Look in the material below for the line with "A George III" and the line with "工作坊的展品涉及到服装、家具", then set down exactly those two lines and all lines between, nothing more.

Information supplied:
:::::

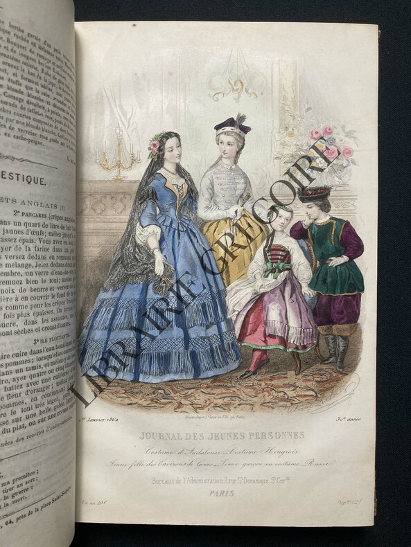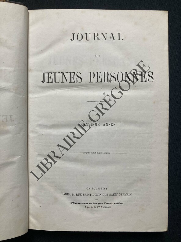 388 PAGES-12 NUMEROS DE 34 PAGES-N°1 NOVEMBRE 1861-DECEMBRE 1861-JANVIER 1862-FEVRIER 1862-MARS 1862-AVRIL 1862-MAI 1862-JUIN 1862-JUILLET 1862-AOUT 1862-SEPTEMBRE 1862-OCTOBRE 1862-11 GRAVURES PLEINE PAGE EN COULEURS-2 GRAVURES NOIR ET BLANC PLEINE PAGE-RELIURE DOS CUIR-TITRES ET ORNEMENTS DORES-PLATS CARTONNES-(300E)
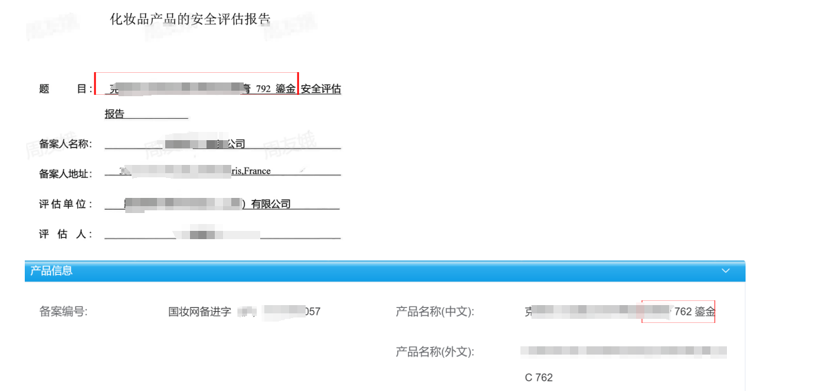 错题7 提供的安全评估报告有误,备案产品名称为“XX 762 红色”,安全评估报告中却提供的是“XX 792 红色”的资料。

:::::

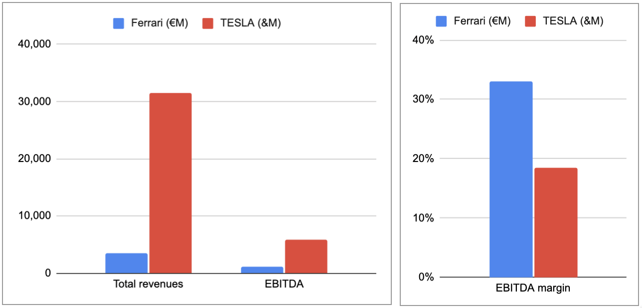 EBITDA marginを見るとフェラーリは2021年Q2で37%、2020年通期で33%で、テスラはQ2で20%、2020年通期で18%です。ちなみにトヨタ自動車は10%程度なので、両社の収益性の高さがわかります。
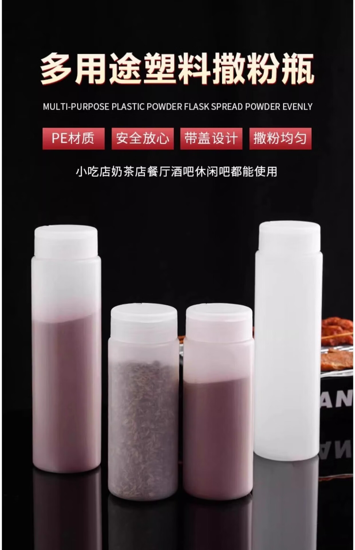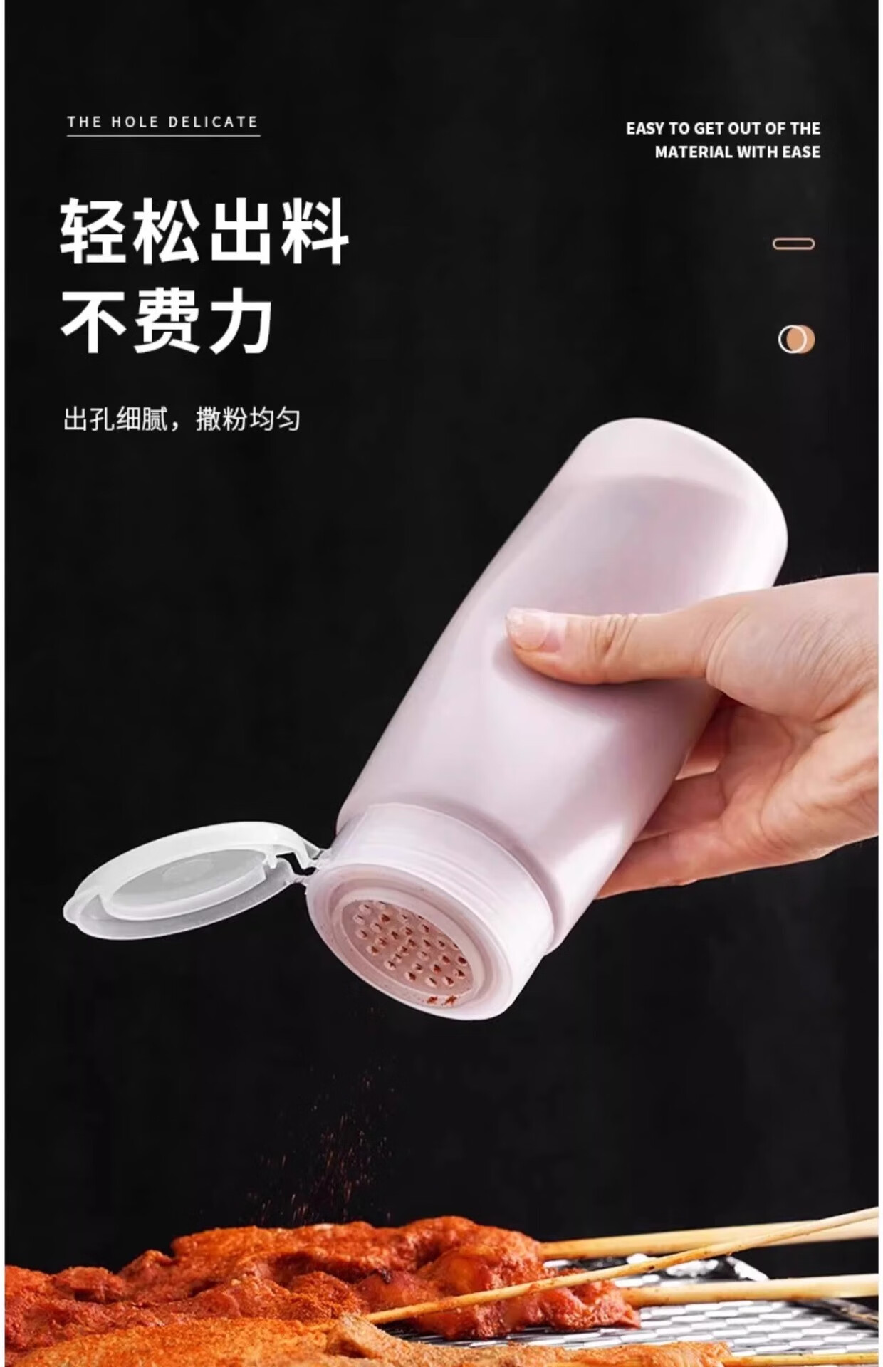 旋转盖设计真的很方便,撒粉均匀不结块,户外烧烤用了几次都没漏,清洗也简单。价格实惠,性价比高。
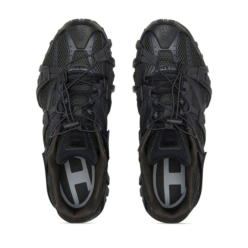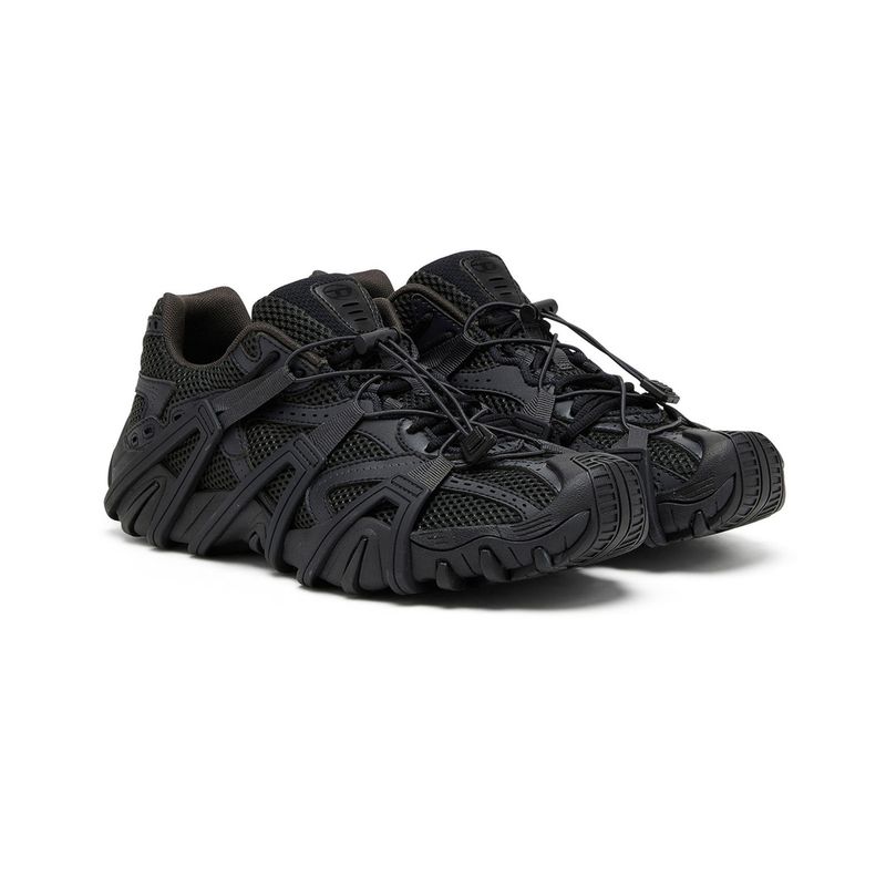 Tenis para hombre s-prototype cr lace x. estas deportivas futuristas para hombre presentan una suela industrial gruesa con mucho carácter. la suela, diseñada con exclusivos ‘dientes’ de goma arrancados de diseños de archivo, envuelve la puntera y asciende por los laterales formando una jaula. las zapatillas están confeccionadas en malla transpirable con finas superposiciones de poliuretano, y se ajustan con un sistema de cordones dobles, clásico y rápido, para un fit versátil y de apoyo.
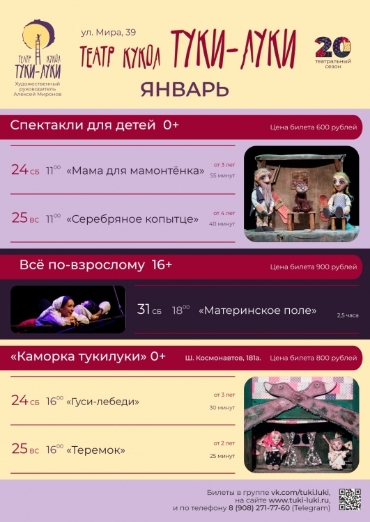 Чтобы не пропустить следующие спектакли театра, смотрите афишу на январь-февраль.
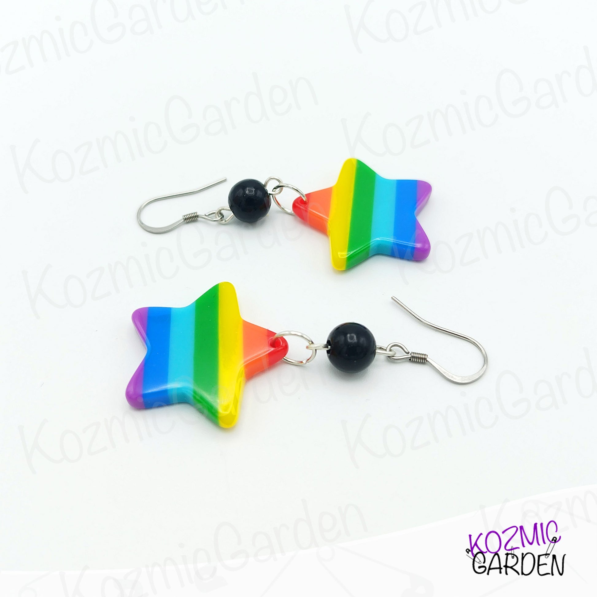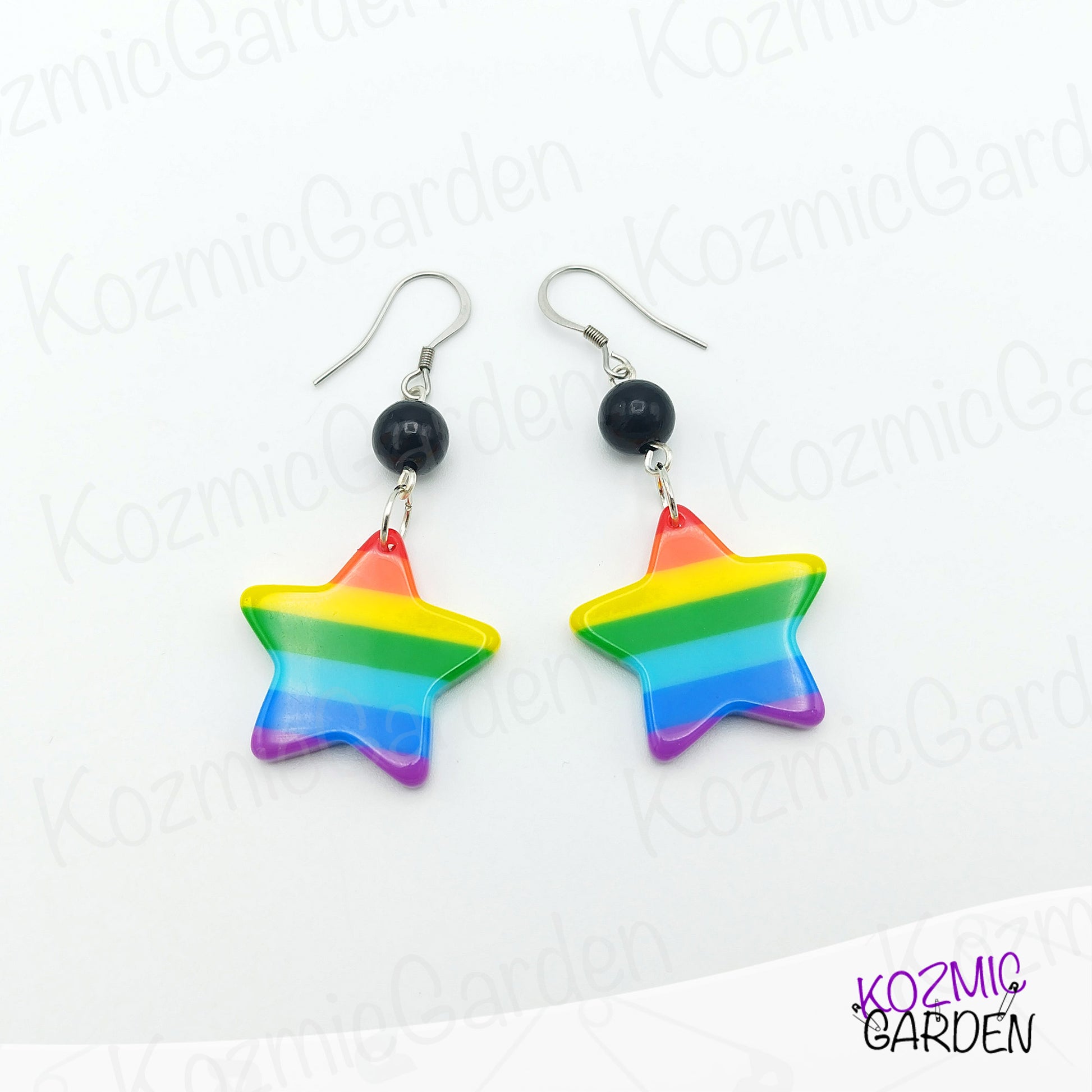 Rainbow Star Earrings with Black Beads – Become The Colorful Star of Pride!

:::::

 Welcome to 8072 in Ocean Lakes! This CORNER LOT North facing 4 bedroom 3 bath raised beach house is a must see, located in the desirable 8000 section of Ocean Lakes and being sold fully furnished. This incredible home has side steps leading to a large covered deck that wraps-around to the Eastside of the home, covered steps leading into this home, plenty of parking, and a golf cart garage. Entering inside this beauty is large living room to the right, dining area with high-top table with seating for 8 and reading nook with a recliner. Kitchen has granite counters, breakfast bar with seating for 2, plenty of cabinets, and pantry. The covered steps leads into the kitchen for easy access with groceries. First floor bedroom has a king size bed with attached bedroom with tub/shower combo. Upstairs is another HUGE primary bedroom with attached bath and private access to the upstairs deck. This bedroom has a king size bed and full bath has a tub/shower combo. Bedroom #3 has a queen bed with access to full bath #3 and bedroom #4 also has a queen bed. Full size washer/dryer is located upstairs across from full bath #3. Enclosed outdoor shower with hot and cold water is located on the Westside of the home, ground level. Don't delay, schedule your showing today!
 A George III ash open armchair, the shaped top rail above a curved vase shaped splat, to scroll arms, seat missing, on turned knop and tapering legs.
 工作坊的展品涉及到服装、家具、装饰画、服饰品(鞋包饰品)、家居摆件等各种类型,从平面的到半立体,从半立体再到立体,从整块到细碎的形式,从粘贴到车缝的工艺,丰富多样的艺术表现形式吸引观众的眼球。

:::::

Result for this exercise:
 A George III ash open armchair, the shaped top rail above a curved vase shaped splat, to scroll arms, seat missing, on turned knop and tapering legs.
 工作坊的展品涉及到服装、家具、装饰画、服饰品(鞋包饰品)、家居摆件等各种类型,从平面的到半立体,从半立体再到立体,从整块到细碎的形式,从粘贴到车缝的工艺,丰富多样的艺术表现形式吸引观众的眼球。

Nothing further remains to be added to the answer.